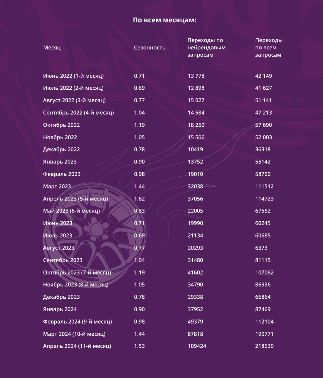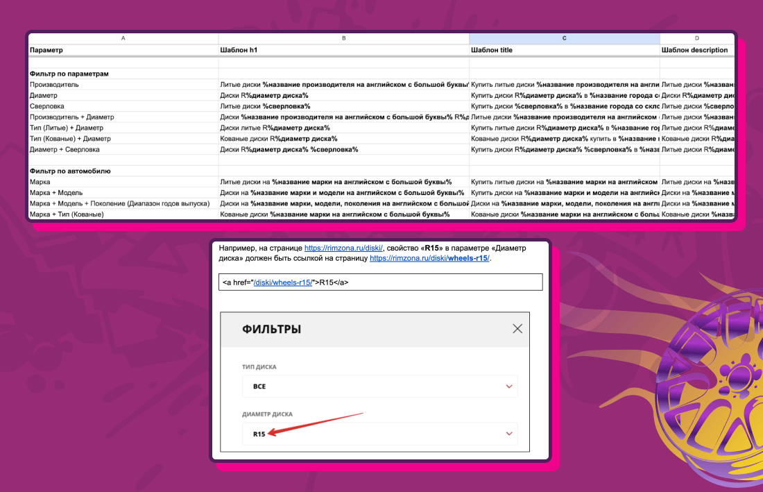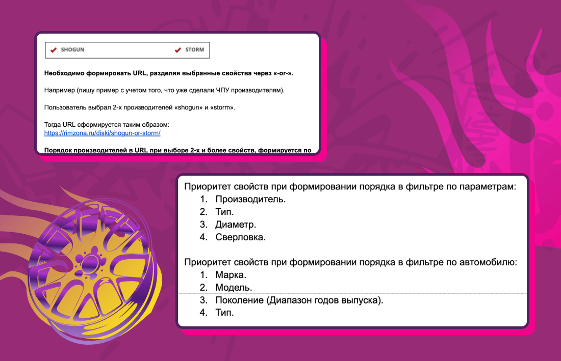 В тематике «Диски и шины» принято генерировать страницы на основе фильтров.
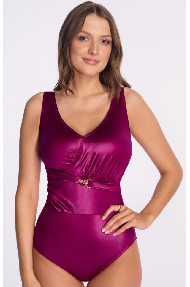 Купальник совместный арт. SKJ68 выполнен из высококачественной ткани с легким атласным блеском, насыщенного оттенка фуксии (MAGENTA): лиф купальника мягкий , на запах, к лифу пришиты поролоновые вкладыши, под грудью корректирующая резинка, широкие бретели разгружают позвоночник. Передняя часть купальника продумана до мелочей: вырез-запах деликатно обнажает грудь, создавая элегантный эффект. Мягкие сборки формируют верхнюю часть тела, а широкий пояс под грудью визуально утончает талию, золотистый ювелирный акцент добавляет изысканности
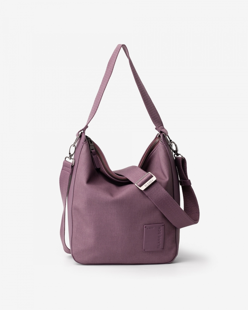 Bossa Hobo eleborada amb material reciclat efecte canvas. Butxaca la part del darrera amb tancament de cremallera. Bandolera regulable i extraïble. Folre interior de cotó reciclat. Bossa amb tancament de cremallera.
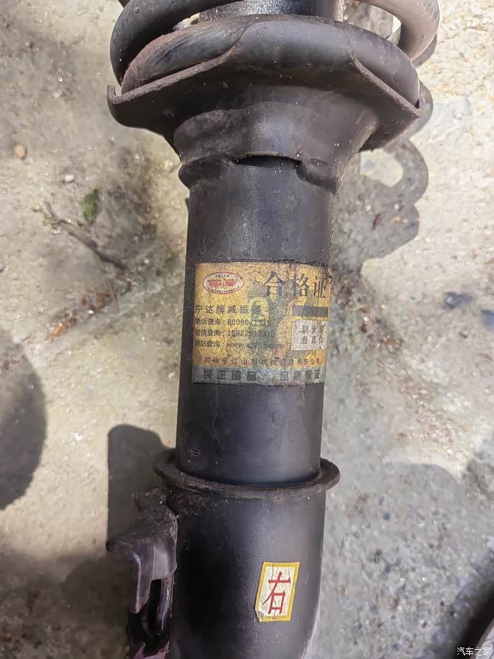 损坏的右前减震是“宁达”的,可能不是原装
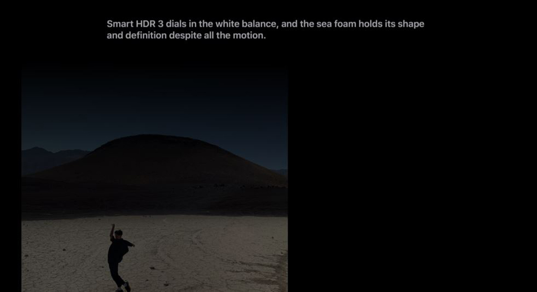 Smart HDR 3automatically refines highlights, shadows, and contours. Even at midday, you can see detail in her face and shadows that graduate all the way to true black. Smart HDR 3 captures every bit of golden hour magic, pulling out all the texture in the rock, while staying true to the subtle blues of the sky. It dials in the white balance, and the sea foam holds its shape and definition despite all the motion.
______________________________
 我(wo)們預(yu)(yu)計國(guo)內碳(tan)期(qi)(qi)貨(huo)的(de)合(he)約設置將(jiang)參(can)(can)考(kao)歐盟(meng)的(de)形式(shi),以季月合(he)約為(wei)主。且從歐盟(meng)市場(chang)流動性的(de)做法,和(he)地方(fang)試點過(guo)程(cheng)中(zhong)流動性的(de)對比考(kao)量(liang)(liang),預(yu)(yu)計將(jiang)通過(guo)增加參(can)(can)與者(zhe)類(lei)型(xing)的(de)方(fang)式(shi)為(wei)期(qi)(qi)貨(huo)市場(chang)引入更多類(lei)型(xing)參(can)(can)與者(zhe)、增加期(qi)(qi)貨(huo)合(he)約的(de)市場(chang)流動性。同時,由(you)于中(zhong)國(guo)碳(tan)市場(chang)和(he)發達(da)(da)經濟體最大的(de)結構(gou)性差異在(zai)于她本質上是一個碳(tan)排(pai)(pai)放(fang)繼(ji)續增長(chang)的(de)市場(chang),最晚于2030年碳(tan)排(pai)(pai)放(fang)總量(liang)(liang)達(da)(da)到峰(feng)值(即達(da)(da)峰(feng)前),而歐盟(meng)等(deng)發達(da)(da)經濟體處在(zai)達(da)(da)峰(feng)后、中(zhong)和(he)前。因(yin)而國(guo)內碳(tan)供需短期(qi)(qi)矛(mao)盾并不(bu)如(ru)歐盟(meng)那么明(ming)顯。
______________________________
Problem to work on |
Though the entries above contain pictures, none should be copied; reproduce only the lines between the one holding "на основе фильтров." and the one holding "Smart HDR 3automatically", inclusive, exactly as written.

Solution for this task |
 В тематике «Диски и шины» принято генерировать страницы на основе фильтров.
 Купальник совместный арт. SKJ68 выполнен из высококачественной ткани с легким атласным блеском, насыщенного оттенка фуксии (MAGENTA): лиф купальника мягкий , на запах, к лифу пришиты поролоновые вкладыши, под грудью корректирующая резинка, широкие бретели разгружают позвоночник. Передняя часть купальника продумана до мелочей: вырез-запах деликатно обнажает грудь, создавая элегантный эффект. Мягкие сборки формируют верхнюю часть тела, а широкий пояс под грудью визуально утончает талию, золотистый ювелирный акцент добавляет изысканности
 Bossa Hobo eleborada amb material reciclat efecte canvas. Butxaca la part del darrera amb tancament de cremallera. Bandolera regulable i extraïble. Folre interior de cotó reciclat. Bossa amb tancament de cremallera.
 损坏的右前减震是“宁达”的,可能不是原装
 Smart HDR 3automatically refines highlights, shadows, and contours. Even at midday, you can see detail in her face and shadows that graduate all the way to true black. Smart HDR 3 captures every bit of golden hour magic, pulling out all the texture in the rock, while staying true to the subtle blues of the sky. It dials in the white balance, and the sea foam holds its shape and definition despite all the motion.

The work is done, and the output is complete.